Central to our efforts to save our country is the conviction that the obese are different, and while they may be potentially salvageable as worthy humans, in their present state (posing as they do such an existential threat to the rest of us), they need to be (at the very least) ostracized.

Perhaps the most telling example of just how far we had come in this regard occurred in July, 2009, when President Obama named Dr. Regina Benjamin as Surgeon General. When it appeared from certain pictures and television images that Dr. Benjamin may be somewhat overweight, critics pounced immediately. How can one become the epaulet-wearing Head Doctor of All America, in the middle of a life-threatening obesity epidemic no less, and be fat? No fat person should ever rise to any position of prominence (where he or she could potentially become a role model for young Americans) – much less this particular position.

It must have brought a tear of joy to the anti-obesity crowd to learn that being obese now so demonstrably trumped being: a) an African American, b) a woman, c) a hero who dedicated herself to providing medical care to the Katrina-ravaged poor, and d) strongly supported by President Obama himself.

But all this progress (and all this hope) was dashed just a few months later by the voters of New Jersey, when they chose to elect a fatty.

When an obese Republican can be elevated to such a position of prominence and responsibility, and by a Democratic electorate to boot, the anti-obesity campaign has been set back by decades. That a rotund candidate could emerge victorious despite such an onslaught – and not, as the breathless conjectures of our professional punditry suggest, a Republican resurgence – is the real threat to healthcare reform.

A government-run healthcare system permits – nay, demands! – that we declare to the obese that their unsightly physiques are no longer a matter of personal choice, but are now a matter of legitimate public concern.
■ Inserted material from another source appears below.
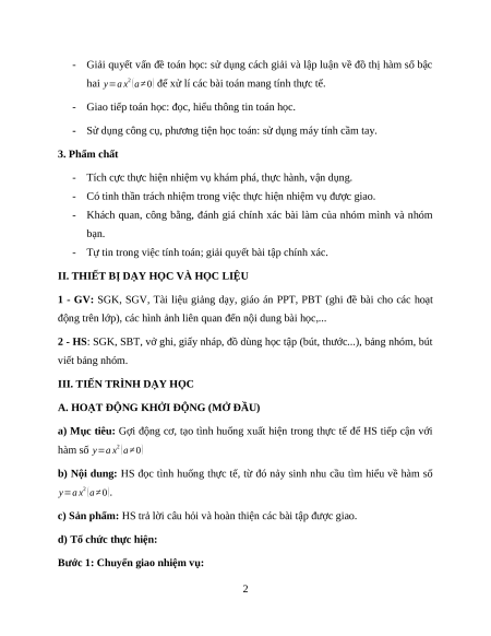 - Giải quyết một số vấn đề thực tiễn gắn với hàm số y=a x2 (a≠ 0) 2. Năng lực

The choices they are making – that is, their gluttony, sloth and all other manner of self-indulgence – are placing unwanted and unsustainable demands on us purer, svelter, fellow-citizens.

More importantly, ostracizing the obese sets an important precedent for our wise leaders to restrict, control and tax virtually any human behavior they can claim may lead to an increased risk of healthcare expenditures – which, really, encompasses virtually any human behavior you can think of. Furthermore, successfully dehumanizing the obese will establish that our society may, whenever it needs to, discriminate against the lower economic classes (since these classes are well known to indulge in becoming overweight). And finally, since obesity (despite our decision to blame it on personal failings) is largely determined by genetic predisposition, our success in dehumanizing the obese will give us a useful tool which we can later employ to withhold healthcare expenditures for other genetically-mediated medical conditions.

It is clear that successfully demonizing the obese is a vital pillar of Obamacare.

Now perhaps, Dear Reader, you can see why the election of Christie in New Jersey was such a potential catastrophe. It is his obesity, rather than his Republicanism, that poses such a threat to healthcare reform and thus to the Obama administration.

It was the result of the New Jersey election a year ago, and not the results of the impending mid-term election (which will merely add an exclamation point to New Jersey’s declarative statement) that changed the landscape. Clearly, the anti-obesity movement, despite concentrated, coordinated and sustained efforts to make overweight Americans feel subhuman, has failed. The election of Christie – wherein the electorate of a Democratic state has raised up to prominence a fat guy, despite the damage that does to the long-term prospects of Obamacare – was the real blow.

For if We the People (even that part of “We” who are Democrats) refuse to follow the dictates of the Central Authority as it attempts to educate us on Right Thinking, then the passage of Obamacare cannot actually represent the culmination of Progressive history. It means that the final chapter has not yet been written, and real hope remains for those of us who do not buy into the Progressive program.

And this is true whatever the results of Tuesday’s election. Thank you, New Jersey.